Andrew Mason said:
I am not sure but here is my take on it: The pressure inside the bubble is a function of the surface tension of the bubble and the temperature. If temperature is constant, the higher the surface tension, the higher the pressure within the bubble. So if the two bubbles combine to form one bubble, the surface area of the combined bubble is smaller, meaning the membrane is thicker so the soap molecules are not stretched as much as before. Therefore, the surface tension is less than before and the pressure is less, so the volume increases.
AM
Andrew, I think that the pressure inside a soap bubble can be written as a function of the Surface Tension and the radius of the bubble.
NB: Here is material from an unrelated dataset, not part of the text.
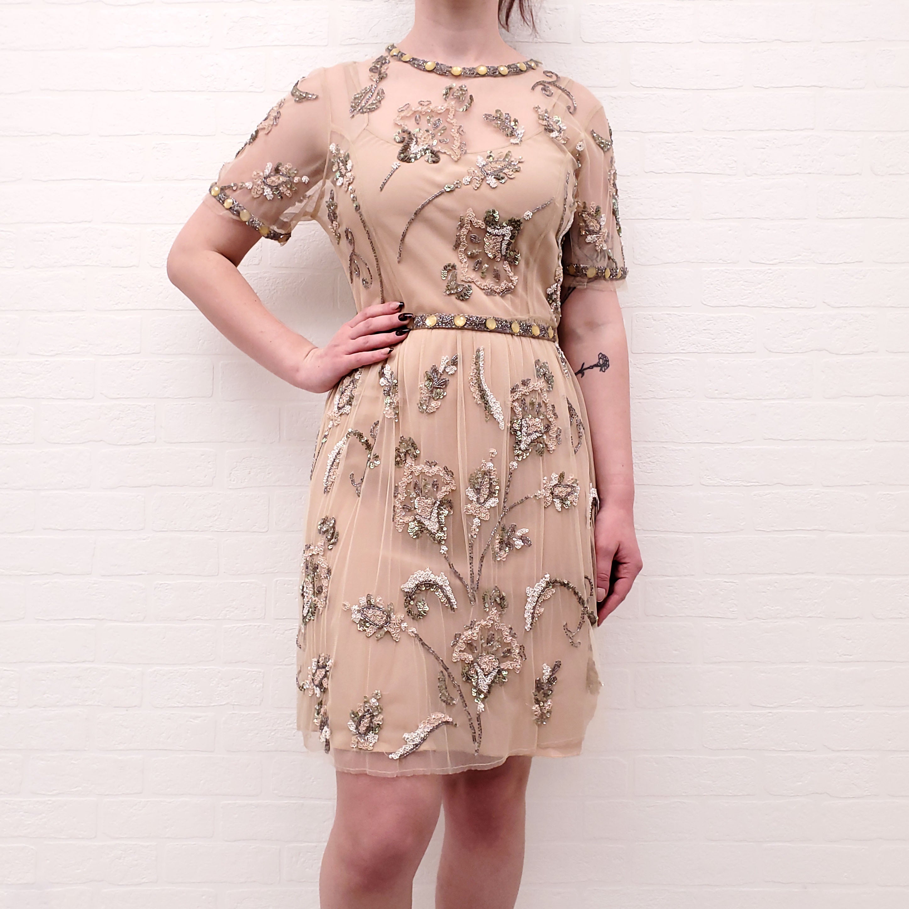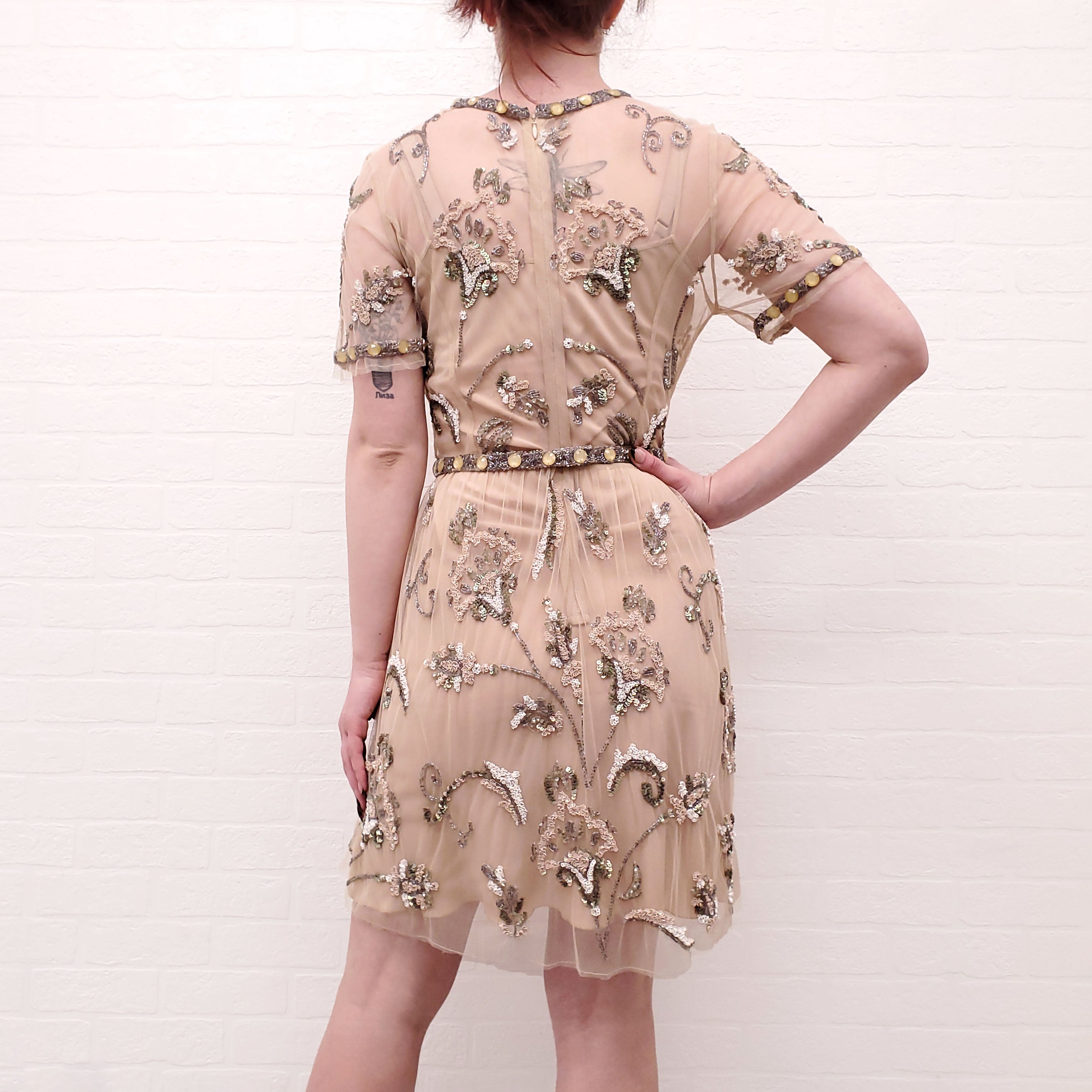 NEEDLE & THREAD GOLD BEADED DRESS - SIZE 10

A soap bubble has some definite (but very small) thickness and therefore has two layers, one towards the outside air and one towards the enclosed air, and between these layers is the soap solution.
So if the pressure of the air outside is P_{atm} and the pressure in the soap solution between these layers is P_1 and the pressure of the enclosed air is P_2
P_1 - P_{atm} = \frac{2S}{R}
where R is the radius of the soap bubble and S is the surface tension of the solution. I'm assuming the thickness of the soap bubble is negligible to the radius. So, again,
P_2- P_1 = \frac{2S}{R}
Adding,
P_2 - P_{atm} = \frac{4S}{R}.
And the pressure inside is greater than the pressure outside by an amount
\frac{4S}{R}
Also, for the OP's question, my assumption would be the mass of the air inside the two smaller soap bubbles will be conserved, and so the volume of the new, larger bubble will be the sum of the volumes of the two smaller bubbles. Since the radii of the smaller bubbles are known, the radius of the larger one can be found, and from this the pressure inside the new bubble can also be found.
What do you reckon?